They have made them. This one has been for sale for some time now. It's too big for my little tractor but I thought it looked cool. https://minneapolis.craigslist.org/wsh/grd/d/8-ft-snow-blower-for-3pt-hitch/6450302912.html


----------



## leonz (Dec 12, 2014)

The Leslie rotary plows in Europe have been replaced by the self propelled Beilhack snow clearers and a few Zaugg self propelled units.

A few leslie type machines are still in railway museums and there are a few working unit in Eastern Europe. 

The Beilhack railway snow clearers can clear over 22000 tons per hour of snow pack with the new larger engines.


----------



## leonz (Dec 12, 2014)

Kiss4aFrog said:


> They have made them.

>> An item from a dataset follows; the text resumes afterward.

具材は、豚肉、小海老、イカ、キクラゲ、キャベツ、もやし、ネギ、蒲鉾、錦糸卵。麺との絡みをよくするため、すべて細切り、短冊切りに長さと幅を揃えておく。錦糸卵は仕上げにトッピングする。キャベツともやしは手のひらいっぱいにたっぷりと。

This one has been for sale for some time now. It's too big for my little tractor but I thought it looked cool. https://minneapolis.craigslist.org/wsh/grd/d/8-ft-snow-blower-for-3pt-hitch/6450302912.html


====================================================================================================


That is a Volvo Boxer snow thrower if my memory is right


----------



## leonz (Dec 12, 2014)

guyl said:


> Came across this article about Montreal's snow depots this morning. They will be renting some of those 1000 hp blowers to pile it higher.
> 
> It's in French but I thought you might at least find the photo interesting:
> 
> Montréal loue des souffleuses surpuissantes | Pierre-André Normandin | Grand Montréal


==================================================================================================


Oswego, NY has several snow stockpiles in the city limits every year. The last couple of years they have melted back to the ground and they have not had to push the pile back to have room for more snow in the summer months to have more room when the fuzzy stuff starts flying.

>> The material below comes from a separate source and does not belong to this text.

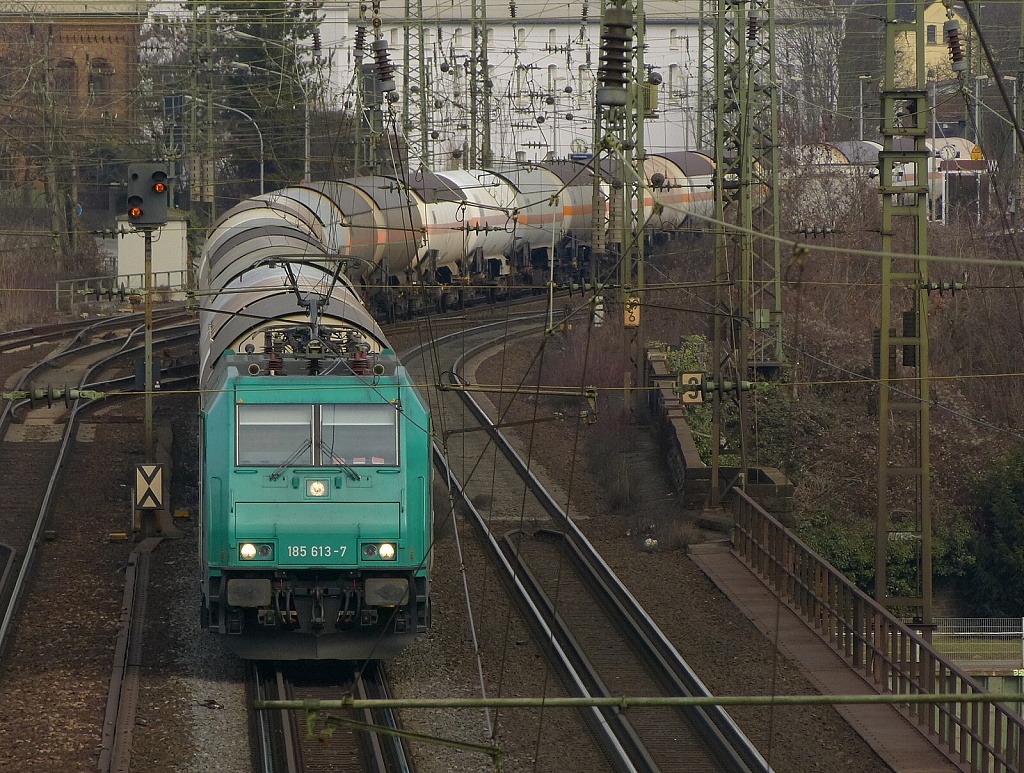 185 613-7 hat mit einem Kesselwagenzug den Bahnhof Koblenz-Lützel durchfahren und befährt nun die Moselbrücke.20.2.12

Northern Japan has many snow stock piles and they have at least one snow melting station and foolishly l I did not save the URL for the Video. 

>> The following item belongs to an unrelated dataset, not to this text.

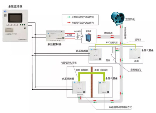 鑒于上述考慮,公安部消防科學(xué)研究所結(jié)合國(guó)際經(jīng)驗(yàn)提出余壓值的數(shù)據(jù)。壓差操控系統(tǒng)可通過(guò)操控旁通閥的開(kāi)閉,將機(jī)械加壓送風(fēng)系統(tǒng)的余壓值有用操控在國(guó)標(biāo)要求的合理范圍內(nèi)-----防煙樓梯間40-50Pa,前室、合用前室、消防電梯間前室、封閉避難層(間)為25-30Pa。這樣既阻撓了有害煙氣的進(jìn)入,也確保了防火門(mén)在需求人員分散時(shí)能夠正常開(kāi)閉。

The snow melting station/pit is wide enough for five of there small dump trucks to dump at once and the melt water in the melting pit is so hot it is steaming at all times quickly melting each truck load of snow.

Perhaps Yanmar Ronin San knows which one I am thinking about??


----------



## gibbs296 (Jun 22, 2014)

Something Mpls tried a few years back...https://www.planetforward.org/idea/mn2020-the-incredible-snow-melting-machine


----------